The series consists of two stories “The Fellowship” and “Up in the Air” and you’ll have to read both to work through the infinite number of misunderstandings etc. that the ladies have to endure on the road towards a romantic union - this time it’s above and beyond reason! The series is relatively well rated on The Athenaeum - I on the other hand found the romance to be a bit lacking and rather long winded.

If winter, snow and frost are taking its toll in your neck of the woods you might want to go down south to Louisiana and visit with Harry and Desi. It’s the love of a lifetime come true when Desi is brought into the ER with a broken leg after a fierce beating with a bat swung by her husband. Desi’s high school sweetheart Harry will mend her leg and her heart with her loving. Along the way Harry will find time to perform orthopaedic surgery on the old and wealthy - which will more than pay the bills - as well as the less fortunate with a need for a “do-good-doctor”. If you ask me Harry is too good to be true! Which is probably why I did not find the romance really catching.
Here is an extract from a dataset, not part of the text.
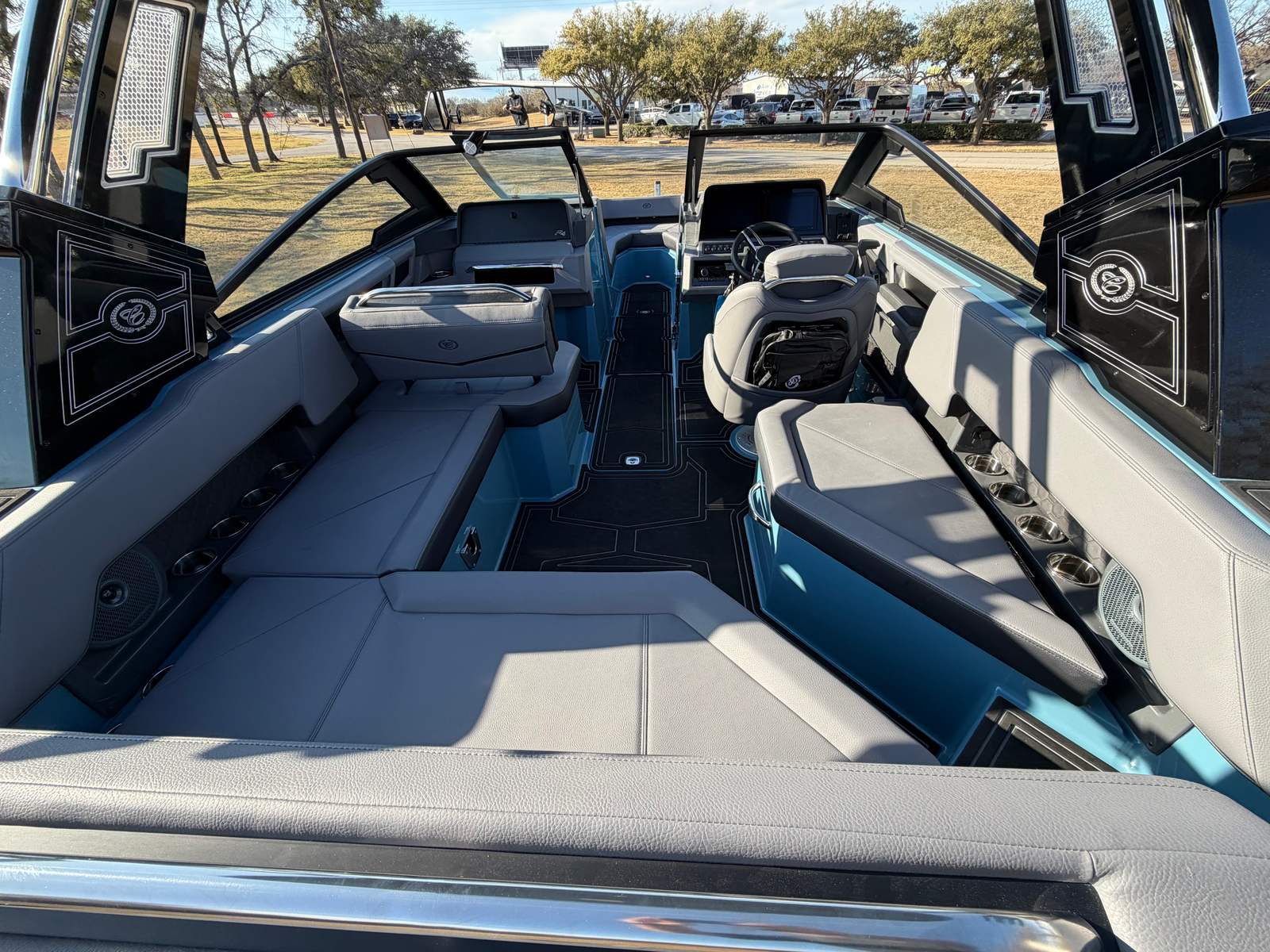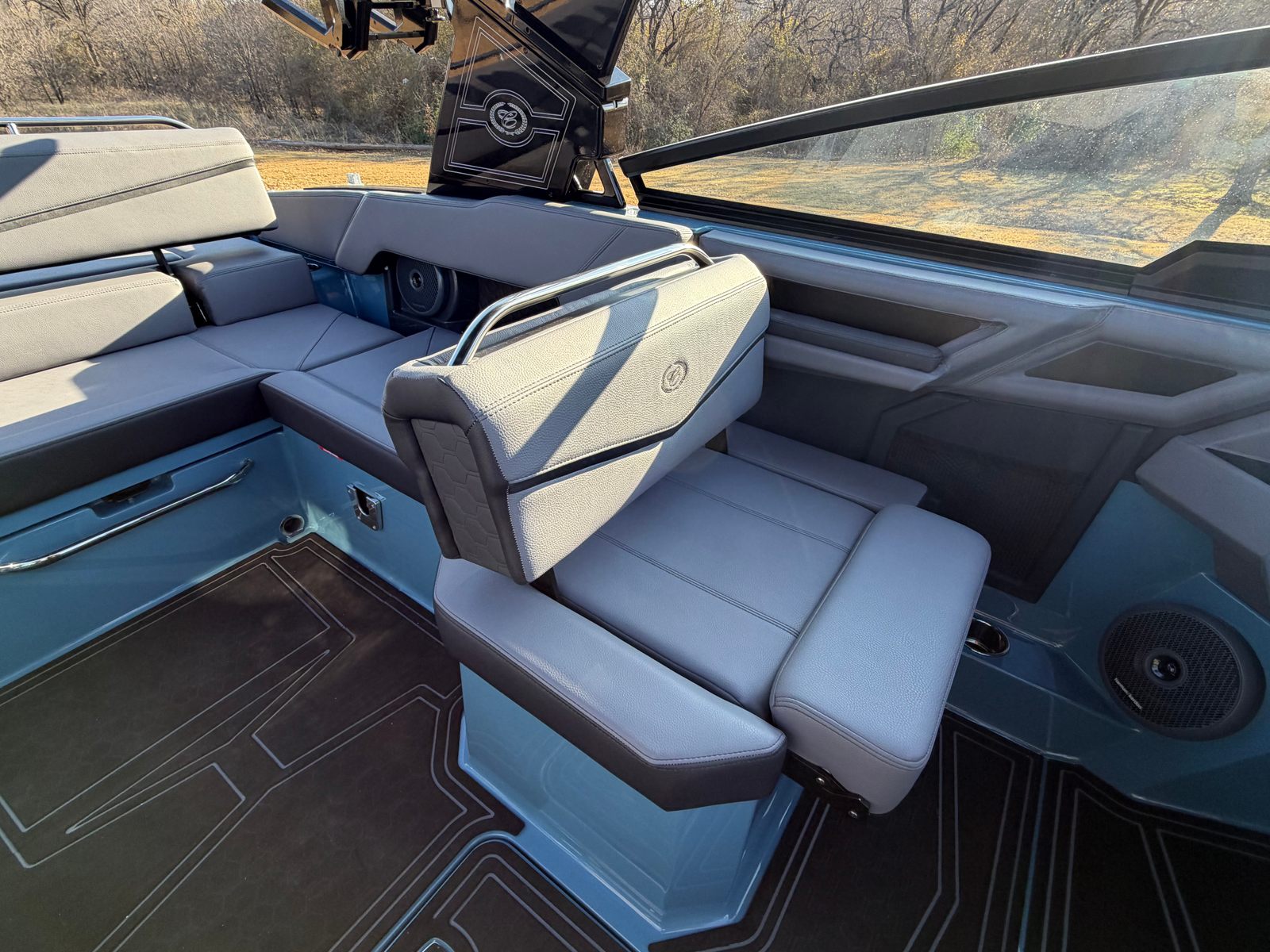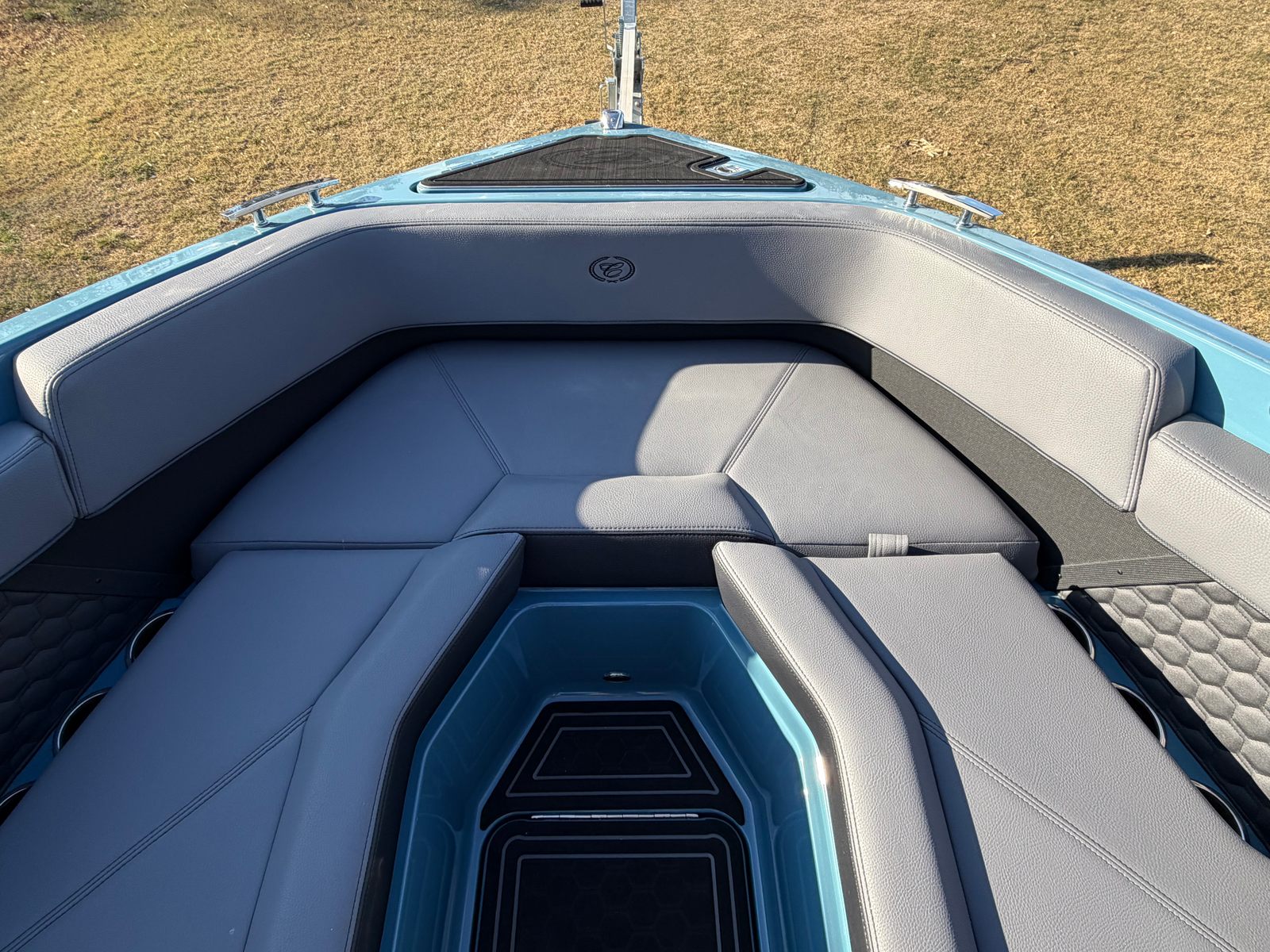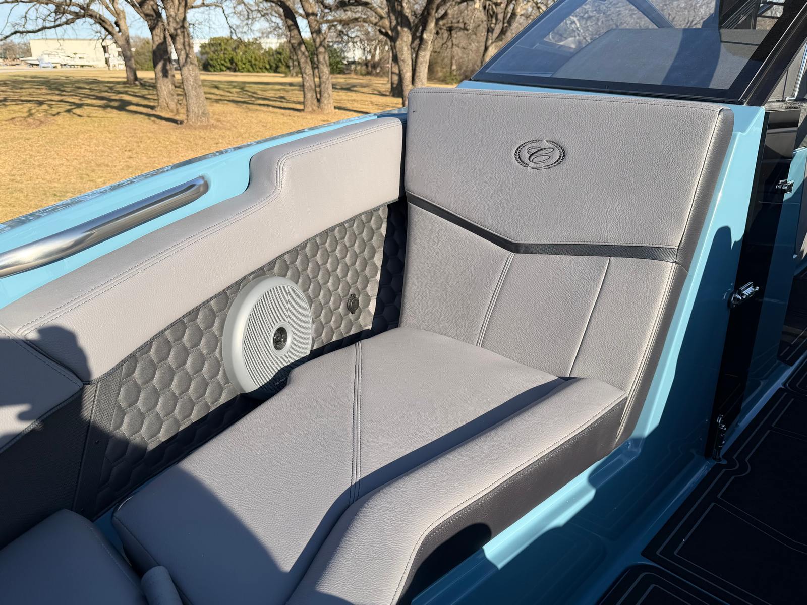 The Cobalt R4 Surf is packed with innovative features and thoughtful design elements that set it apart from other bowrider boats for sale. Its spacious 24.25-foot layout offers ample room for passengers to relax, socialize, and soak up the sun. The ergonomically designed seating ensures comfort during long days on the water, while the open bow configuration provides unobstructed views and easy access to the water.The R4 Surf’s surf-specific hull design is engineered for optimal wave creation, making it a top choice for water sports enthusiasts. The intuitive controls and advanced surf system allow you to customize the wake to suit your preferences, whether you’re a seasoned surfer or introducing friends and family to the sport. Every detail, from the premium upholstery to the sleek, modern lines, reflects Cobalt’s commitment to quality and luxury.

And while we are on the subject of Ali Vali who penned “How Do You Mend a Broken Heart” and the sequels “All it Took Was You” and “Bell of the Mist” with Harry and Desi, I might as well mention that my favourite Ali Vali romance is “A Place to Dance”. You won’t find any lab coats in that story but you will be treated to a woman with able hands - give her a tool belt and she will craft the most beautiful furniture you can imagine. If you are a romantic at heart you should not miss this story.

Should you want for a little private healing at the hands of a capable ER physician you could venture out on Dupont Circle in Washington and watch out for Q as she exits the subway always on the look out for the neighbourhood tugs who will beat her up given half the chance. This time the tugs get lucky which lands Q in the able hands of Dr. Taylor Winslow at D.C.Metropolitan Hospital who will eventually provide private care for the homeless Q, who in return will show Taylor a bit of drama and a lot of loving. "Street Life" by J.A.Zollicoffer is drama and romance all in one and I found it catching enough to read a second time.

Now do not think that the world of medical fiction is dedicated to doctors alone - after all what would good doctors do without the warm hands of capable nurses to sooth and comfort the patients and their frightened relatives ? “The Heart of the Matter” by Cephalgia is a romance centred around Davey, a little boy with a heart disorder, and his mother Crystal, who lives her life wondering just when their visit to the hospital will be fatal for Davey. Into this little family enters Lauren an ICU nurse who makes Crystal and her son the subject of her master thesis and in the process gains a family.

This story focuses on the patient and relatives rather than the medical personnel and even if it centres on a boy with a servere heart condition the heart of the matter is the romance between the lesbian nurse and her new found - perhaps not so - straight friend. It’s a sweet and well written story.

There is a time and a place where the white lab coats and the doctors who wear them no longer matters. A time when only warm hands, love and understanding gives you the ease of body and mind needed to face the ultimate challenge in life ... to let go. We cannot play around the medic’s without happening on tragedy at some stage and this seems to be as good a time as any to let Dee introduce Isabelle and her nurse Marty, their friendly and loving banter and their fast rolling romance that starts of in a hospital ward and end a too short time later when there is just no more fighting left to do.

You should not read “Isabelle” unless you have hankies close at hand, and you can handle the big C without getting bad dreams. “Isabelle” is just a short story, but it’s touching and very well written - especially in the dialogue that presents a fun and easy banter between the ladies that you do not come across too often. Do not miss this one - it sort of puts all the medical drama and romance in the right perspective.